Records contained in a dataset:
↓

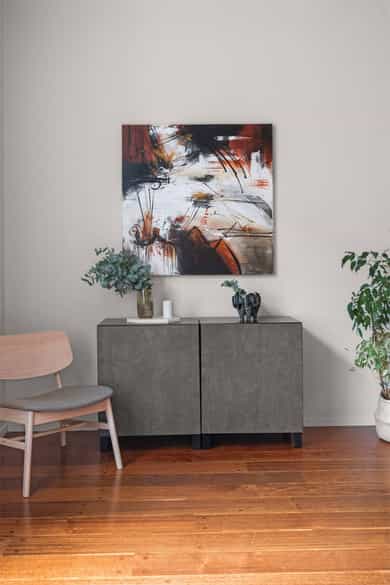 Diverse fra tilstandsrapporten: -Parkering: Gateparkering. -Interne boder: Ingen innvendige boder. -Eksterne boder: Kjellerbod på 5 kvm. -Takhøyde: Takhøyden er målt til 300 cm i stuen. -Vinduer sør: 2-lags isolerglassvinduer i trekarmer fra 2024. -Vinduer nord: 2-lags isolerglassvinduer i trekarmer fra 1988. -Bad overflateoppusset i regi av eier i 2022. Entre: Parkett på gulv og malt overflate på vegger. Downlights i himling. Skyvedørsgarderobe og sikringsskap. Soverom: Parkett på gulv og malt overflate på vegger. Malt overflate i himling. Panelovn. Skyvedørsgarderobe. Bad: Flis på gulv og flis på vegger. Downlights og malt overflate i himling. Gulvvarme. Utstyrt med servant, servantskap, dusjhjørne, innfellbare dusjdører, opplegg for vaskemaskin, naturlig avtrekk og veggmontert wc uten lekkasjesikring. Stue: Parkett på gulv og malt overflate på vegger. Malt overflate i himling. Panelovn. Kjøkken: Parkett på gulv og malt overflate på vegger. Malt overflate og downlights i himling. Innredning med kullfiltervifte over stekesonen og opplegg for oppvaskmaskin. Det er integrert fryseskap, kjøleskap, platetopp, stekovn, oppvaskmaskin og mikroovn. Følgende punkter har fått tilstandsgrad 2 i tilstandsrapporten: Vinduer og dører: Vinduer nord: TG2 settes pga bakgrunn i alder (isolerglass over 30år) og det vil være risiko for at vindusglass punkterer. Kjøkken - Avtrekk: TG2 settes pga kullfiltervifte og manglende lekkasjesikring under kjøkkenbenken. Avløpsrør: TG2 settes pga alderen. Vannledninger: TG2 settes pga alderen. Stoppekran er ikke lokalisert i leiligheten og denne er sannsynligvis plassert i fellesareal. Ikke lokalisert og derfor ikke funksjonstestet. Varmtvannsbereder: TG2 settes pga berederen er ikke plassert i rom med sluk og mangler lekkasjesikring. Berederen har passert 20 år og har usikker restlevetid. Våtrom - Overflater: TG2 settes pga fall til sluk. Våtrom - Sanitærutstyr: TG2 settes pga det er ikke etablert noen drensåpning for synliggjøring av eventuelle lekkasjer fra innebygget sisterne til klosettet, og det er ikke forevist noen dokumentasjon på annen godkjent løsning. Våtrom - Ventilasjon: TG2 settes pga rommet har kun naturlig avtrekk. Våtrom - Membran, tettesjikt og sluk: TG2 settes pga alder på tettesjikt og derav økt risiko for lekkasjer. Tilstandsrapport for boligen er vedlagt salgsoppgaven. Se denne for nærmere informasjon om tilstandsgrad.
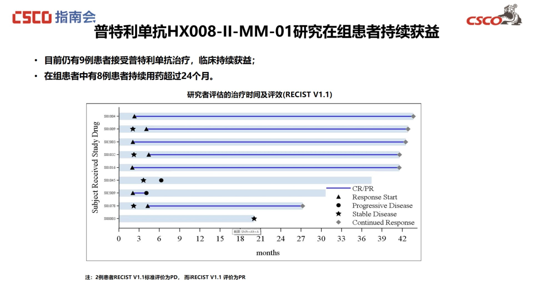 截至2022年10月24日,研究入组119例患者,已知8例失访,剩余101例患者中,仍有41例存活,2年生存率高达39%;约25%的患者治疗持续时间(DOT)超过12个月;目前仍有9例患者接受普特利单抗治疗,临床持续获益;在组患者中有8例患者持续用药超过24个月。
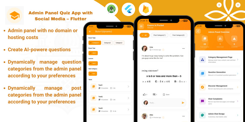 Admin Panel Quiz App with Social Media – Flutter. AI-powered exam & social learning app with dynamic categories, question generation, chat, and admin panel.
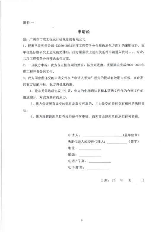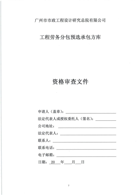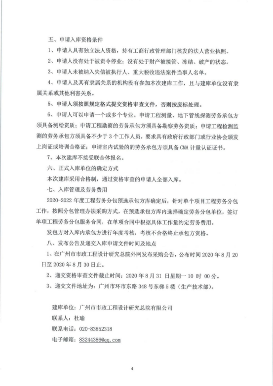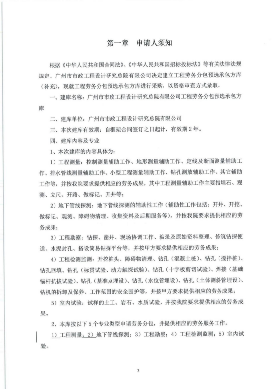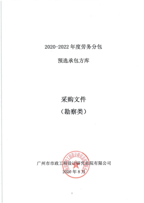 2020-2022年度工程劳务分包预选承包方库采购文件(勘察类)
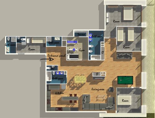 I would like to create a small gym, 3 bathrooms, one of which is in the master bedroom.
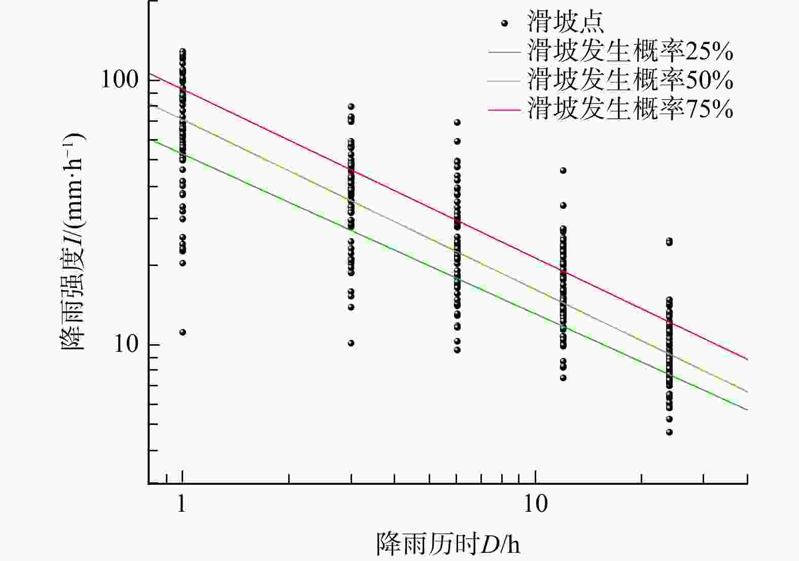 图 6  研究区降雨强度−降雨历时(I-D)降雨阈值曲线
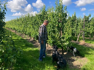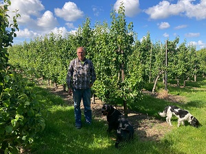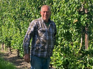 Wim Vriend (60) in Hem teelt op 20 ha Conference. “Ook nog 2 ha Comice, maar dat is bijzaak.” Daarnaast heeft hij, samen met zijn broer en vrouw, nog een loonbedrijf waar ook hun zoon Erik werkt. Eigenlijk was Vriend helemaal niet van plan om fruitteler te worden. “Ik ben opgeleid tot staalbouwer. Maar daar was halverwege de jaren ’80 geen werk in te vinden. Ik hielp thuis natuurlijk al mee. Toen mijn vader het perceel van de buren erbij wilde kopen, ben ik thuis gaan werken.” In de samenwerking met zijn broer is hij degene die de teelt regelt. “Ik heb geen agrarische opleiding. Ik heb het vak thuis, van mijn vader, geleerd. Ondanks zijn leeftijd (83) komt hij nog vrijwel dagelijks helpen. Ik overleg ook nog vaak met hem.”
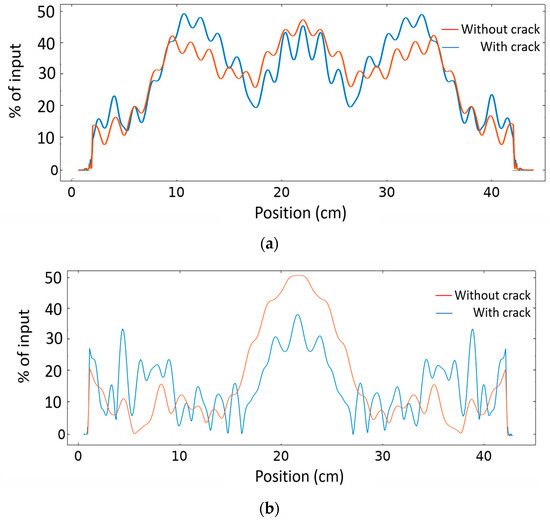 abs(u) with horizontal axis representing the position on a vertical line on the metallic sample at a distance 30 cm to the right of the crack, in case of (a) a sample without/with embedded crack when no PC lens is used (b) a sample without/with embedded crack when a PC lens is used.
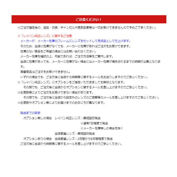 ※当店指定のレンズに限らせていただきます。レンズ名の指定は、お受けいたしかねます。
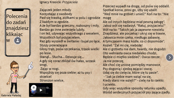 Zajączek jeden młody Korzystając z swobody Pasł się trawką, ziółkami w polu i ogrodzie Z każdym w zgodzie. A że był bardzo grzeczny, rozkoszny i miły, Bardzo go inne zwierzęta lubiły. I on też, używając wszystkiego z weselem, Wszystkich był przyjacielem. Raz gdy wyszedł w świtanie i bujał po łące, Słyszy przerażające Głosy trąb, psów szczekania, trzask wielki po lesie. Stanął... Słucha... Dziwuje się... A gdy się coraz zbliżał ów hałas, wrzask srogi, Zając w nogi. Wspojźrzy się poza siebie; aż tu psy i strzelcel Strwożon wielce,
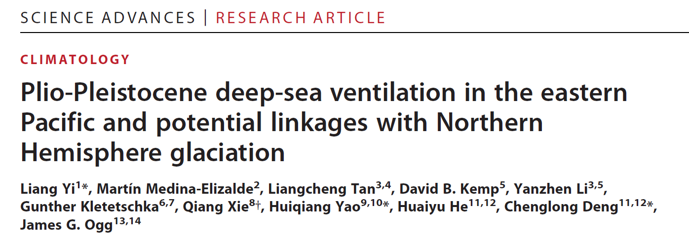 近日,《科学进展》(Science Advances)在线发表了同济大学海洋地质国家重点实验室易亮及其合作者的研究论文“Plio-Pleistocene deep-sea ventilation in the eastern Pacific and potential linkages with Northern Hemisphere glaciation”。该项研究揭示了南极水团变化在北半球冰盖发育过程中的可能作用。
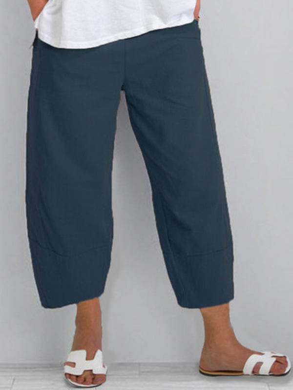 All-match Casual Cotton And Linen Stitching Cropped Pants
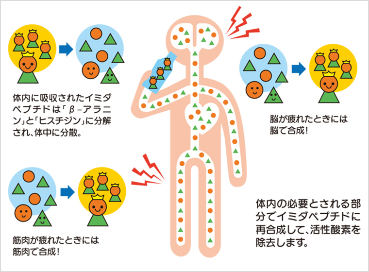 咪唑胜肽化合物(咪唑二肽)被稱為“二肽”,由兩個胺基酸結合而成。被消化吸收後,在體內分解為“β-丙氨酸”和“組氨酸”兩種胺基酸,然後由血液攜帶至全身。
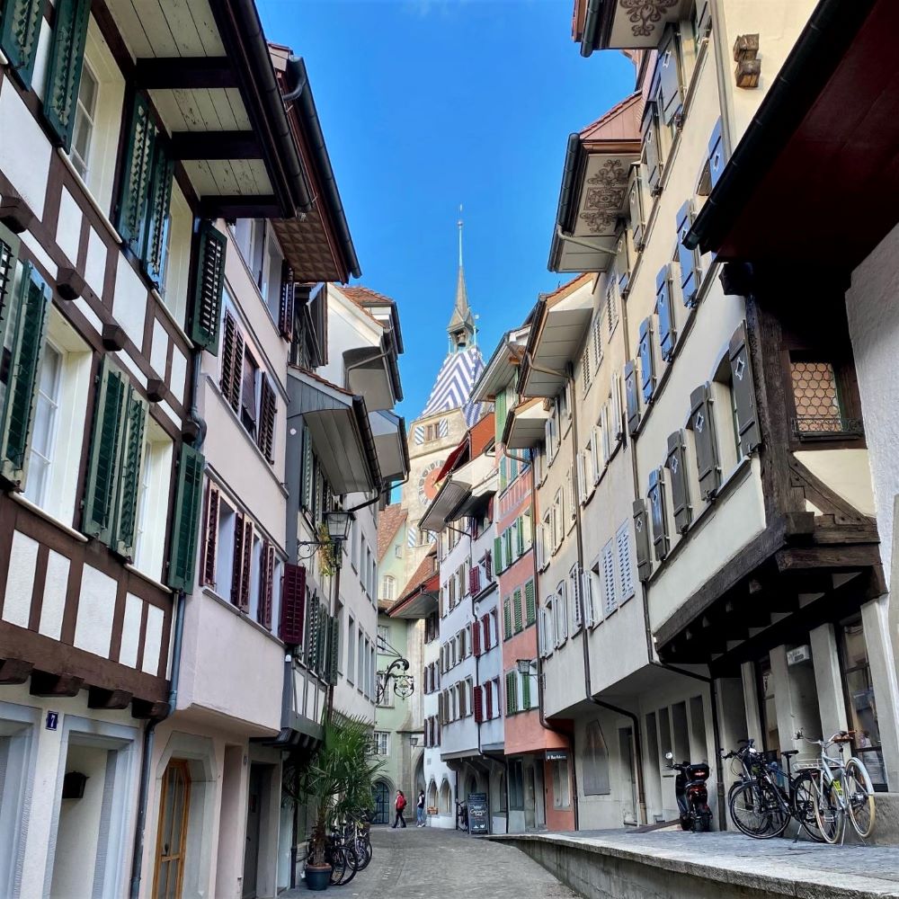 Pünktlich um 14 Uhr erreichte ich Zürich und von dort ging es nun mit einem Regionalzug weiter nach Zug. Die Hauptstadt des gleichnamigen Kantons betrat ich gegen 14:30 Uhr und hatte nun rund 90 Minuten für einen Stadtspaziergang. Da in Zug nur ungefähr 30.000 Menschen leben und der historische Stadtkern sehr überschaubare Ausmaße hat, konnte ich dennoch alle bekannten Sehenswürdigkeiten begutachten. Die Gassen der Altstadt verlaufen im Prinzip noch so, wie sie bei der Stadtgründung im 13.Jahrhundert angelegt wurden. Es existieren mit der Untergasse (siehe Titelbild) und der Obergasse zwei Hauptstraßen im historischen Kern, die in Nord-Süd-Richtung verlaufen. Eine dritte Parallelstraße hatte sich 1435 der Zugersee einverleibt (die heutige Untergasse war also früher die Mittelgasse).
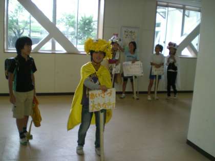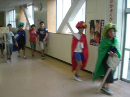 1階児童玄関付近の廊下に、ぴよ隊が出動しました。
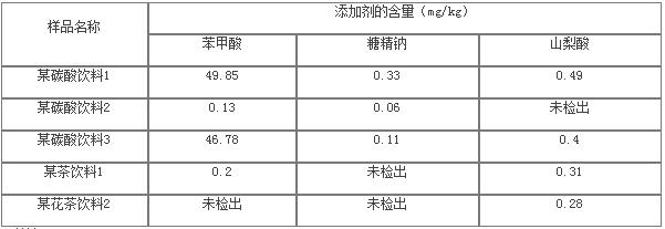 采用上述法测试部分碳酸饮料及茶饮料1结果如下表10所示。
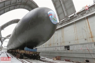俄罗斯电视节目中船坞内“喀山”号核潜艇艇艏特写
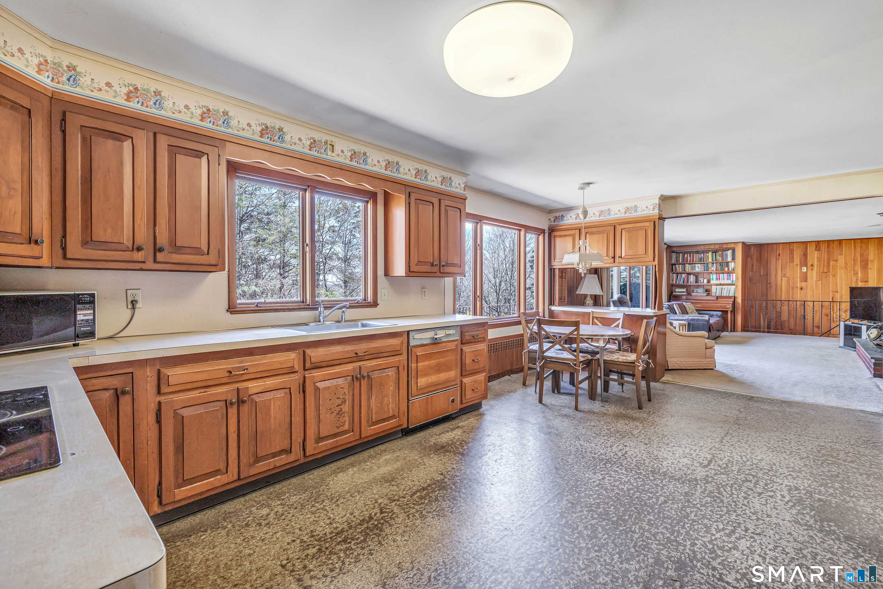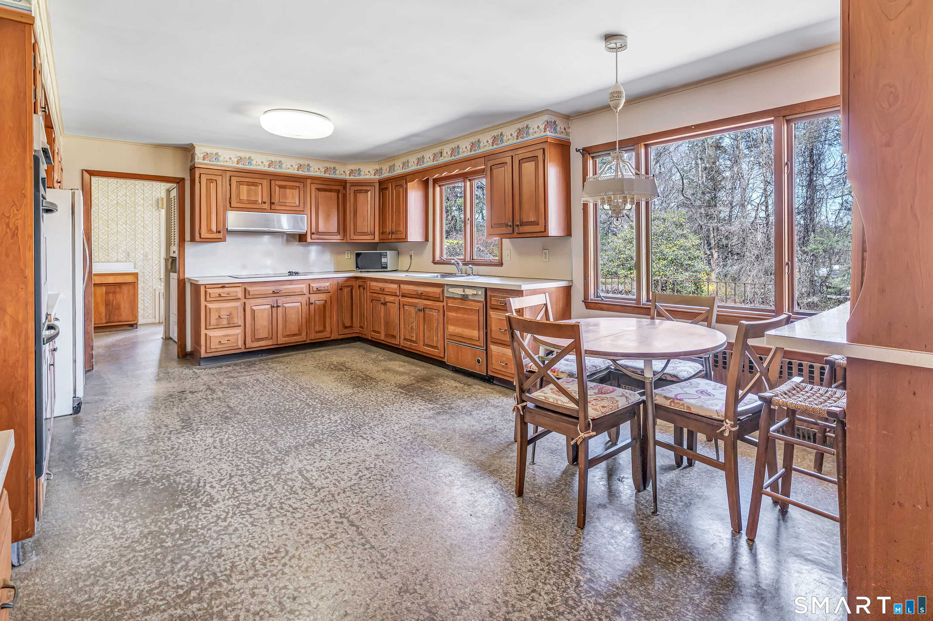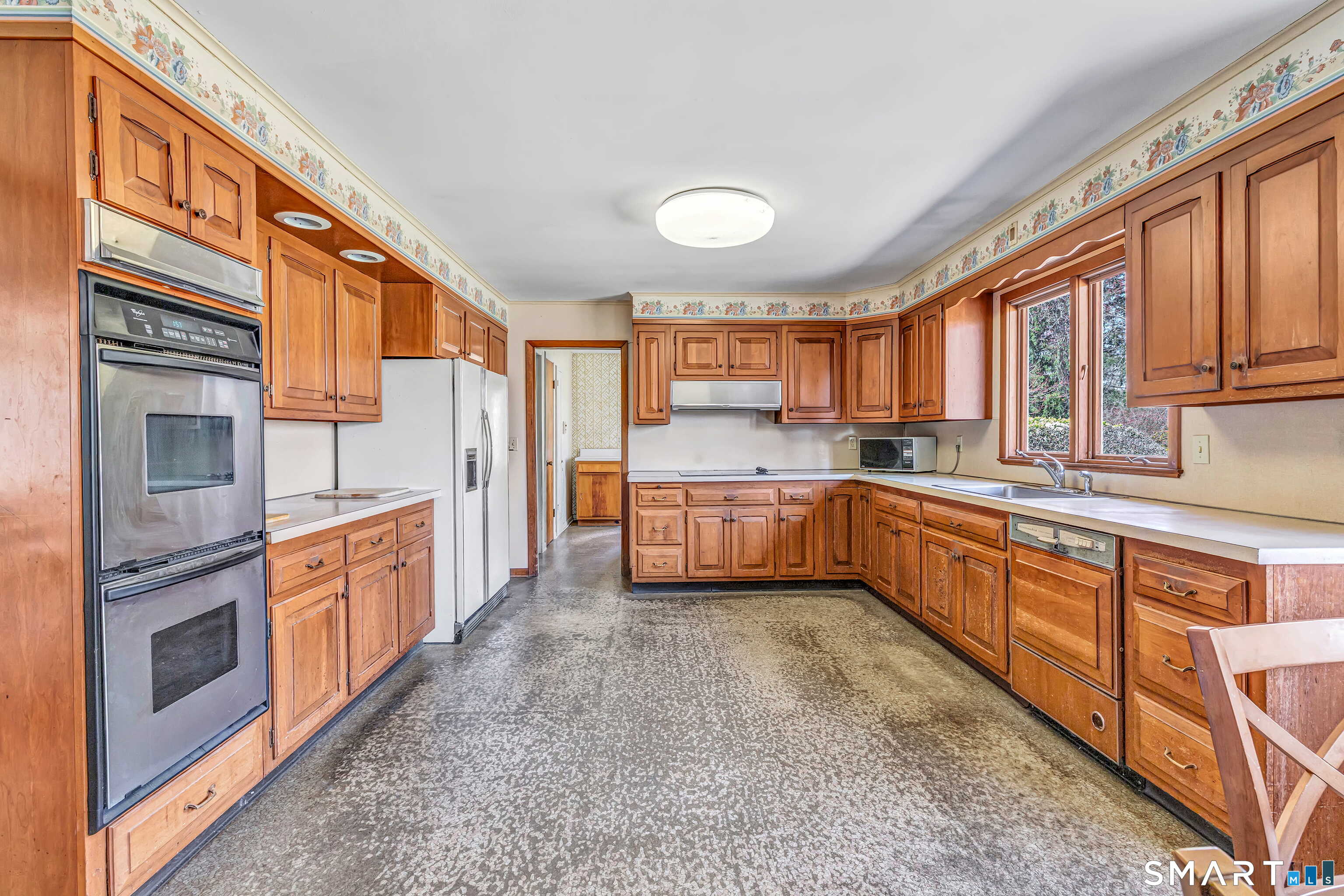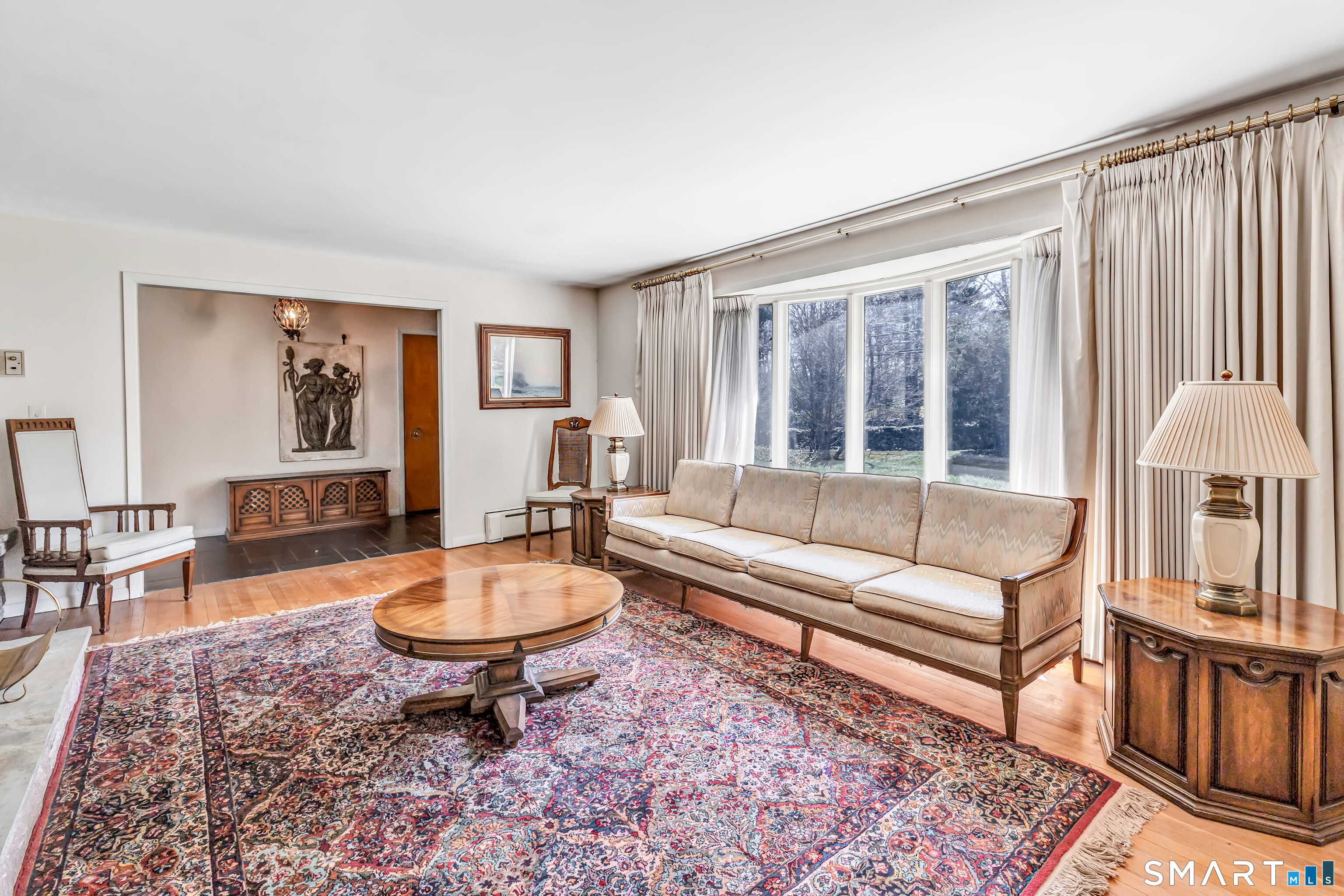 HIGHEST & BEST OFFERS DUE TUESDAY 4/21 @2PM. Set behind a stone wall in lower Easton, this sprawling ranch offers space, privacy & an incredible opportunity to create something truly special. Double doors open to a slate-floored foyer flanked by the living and sleeping spaces. The floor-to-ceiling stone-facing wood-burning fireplace and bay window mirror each other and create a balanced feel in the living room. Hardwood floors continue here & in the dining room. A pocket door opens to the eat-in kitchen, the perfect place to design your dream space! Tucked away is the laundry, access to the 2 car garage & backyard, mudroom & half bath. The family room features a second floor-to-ceiling fireplace, built-ins, and sliders to the patio. Don't miss the decorative built-in record player, in-wall ironing board & vintage wallpaper in the half bath, all charming reminders from an earlier era. 3 spacious bedrooms and 2 full baths. The primary suite has 3 closets & a renovated full bath. The walk-out LL adds valuable square footage and flexibility with space for an office, playroom or gym. The patio spans the rear of the home, overlooking the private .89 acre property. Enjoy a home that offers both convenience and a peaceful retreat. Imagine spending your time picking fruit at Silverman's, pumpkin picking at Sport Hill Farm, hiking Devil's Den & having breakfast at Greiser's. At 160 Sport Hill Rd, you'll experience the best of Easton & its natural beauty. As-is

↑

Directions: Your reply should give again exactly the lines from the one with "1階児童玄関付近の廊下に、ぴよ隊が出動しました。" through the last line of the data, with both ends included and pictures left out.

Exercise answer:
 1階児童玄関付近の廊下に、ぴよ隊が出動しました。
 采用上述法测试部分碳酸饮料及茶饮料1结果如下表10所示。
俄罗斯电视节目中船坞内“喀山”号核潜艇艇艏特写
 HIGHEST & BEST OFFERS DUE TUESDAY 4/21 @2PM. Set behind a stone wall in lower Easton, this sprawling ranch offers space, privacy & an incredible opportunity to create something truly special. Double doors open to a slate-floored foyer flanked by the living and sleeping spaces. The floor-to-ceiling stone-facing wood-burning fireplace and bay window mirror each other and create a balanced feel in the living room. Hardwood floors continue here & in the dining room. A pocket door opens to the eat-in kitchen, the perfect place to design your dream space! Tucked away is the laundry, access to the 2 car garage & backyard, mudroom & half bath. The family room features a second floor-to-ceiling fireplace, built-ins, and sliders to the patio. Don't miss the decorative built-in record player, in-wall ironing board & vintage wallpaper in the half bath, all charming reminders from an earlier era. 3 spacious bedrooms and 2 full baths. The primary suite has 3 closets & a renovated full bath. The walk-out LL adds valuable square footage and flexibility with space for an office, playroom or gym. The patio spans the rear of the home, overlooking the private .89 acre property. Enjoy a home that offers both convenience and a peaceful retreat. Imagine spending your time picking fruit at Silverman's, pumpkin picking at Sport Hill Farm, hiking Devil's Den & having breakfast at Greiser's. At 160 Sport Hill Rd, you'll experience the best of Easton & its natural beauty. As-is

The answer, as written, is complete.